General characteristics
- Type: Destroyer tender
- Displacement: 7,150 long tons (7,265 t)
- Length: 417 ft 3 in (127.18 m)
- Beam: 54 ft 5.5 in (16.599 m)
- Draft: 20 ft (6.1 m)
- Propulsion: 2 × Thornycroft boilers ; 2 Parsons geared turbines; 4,000 shp (3,000 kW);
- Speed: 15 kn (28 km/h; 17 mph)
- Complement: 397
- Armament: As Built: •8 × 5 in (127 mm) guns; 1 × 3 in (76 mm) guns; 2 × 3-pounder guns; 1 × 18 in (457 mm) torpedo tube; By World War II: •2 × 5 in (127 mm) guns; 4 × 3 in (76 mm) guns; 4 × 40 mm anti-aircraft guns;

= USS Melville (AD-2) =

Tender of the United States Navy

USS Melville (AD-2) was a United States Navy destroyer tender that saw service in both World Wars. Laid down by the New York Shipbuilding Corporation of Camden, New Jersey, on 11 November 1913, she was launched on 2 March 1913, sponsored by Miss Helen W. Neel, granddaughter of Rear Admiral George W. Melville; and was first commissioned on 3 December 1915, Comdr. Henry Bertram Price in command.

==Service history==
===World War I===
Assigned to the Atlantic Fleet, Melville reported to Newport, in January 1916. On 11 May 1917, a month after the United States entered World War I, the destroyer tender got underway for Queenstown, Ireland, arriving on the 22nd. She carried out repair and support operations and served as flagship for Vice Admiral William Sims, Commander of U.S. Naval Forces in European waters, from 10 September-4 January 1919.

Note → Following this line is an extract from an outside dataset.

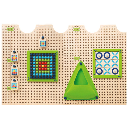 beleduc PLUG-it Wall System Set - Professional wall-mounted learning stations featuring interactive games like Ludo and memory challenges that promote cognitive development and social play.

Melville departed Southampton, England, on 7 January 1919 with troops embarked for the east coast, arriving at New York on the 26th. She then operated at Newport and Guantanamo Bay, Cuba until 30 April, when she departed Tompkinsville, N.Y., for the Azores. There she prepared flying boat NC-4 for the final leg of her long transatlantic journey from New York to Europe and embarked crippled NC-3 for return to the east coast, reaching New York on 10 June.

===Inter-war period===
Reassigned to the Pacific Fleet, the destroyer tender stood out from Hampton Roads, Virginia, on 19 July for the west coast. En route one of her boilers exploded injuring six men, five of them fatally. The collier took her in tow for repairs at Balboa, Panama Canal Zone. On 31 October she arrived at her new home port, San Diego, California, for service along the west coast, alternating with training and fleet exercises in the Caribbean and off Hawaii for the next 21 years.

===World War II===
With the threat of American involvement in World War II, Melville steamed from the Caribbean for the east coast in November 1940. She arrived at Norfolk on 9 December for operations with the Patrol Force, U.S. Fleet, and was transferred back to the Atlantic Fleet on 1 February 1941. Following intensive training at Guantanamo Bay and Culebra, Puerto Rico, and three weeks of supply duties at Casco Bay, Maine, Melville continued on to Bermuda by 16 September to service neutrality patrol ships until returning to Norfolk on 28 November.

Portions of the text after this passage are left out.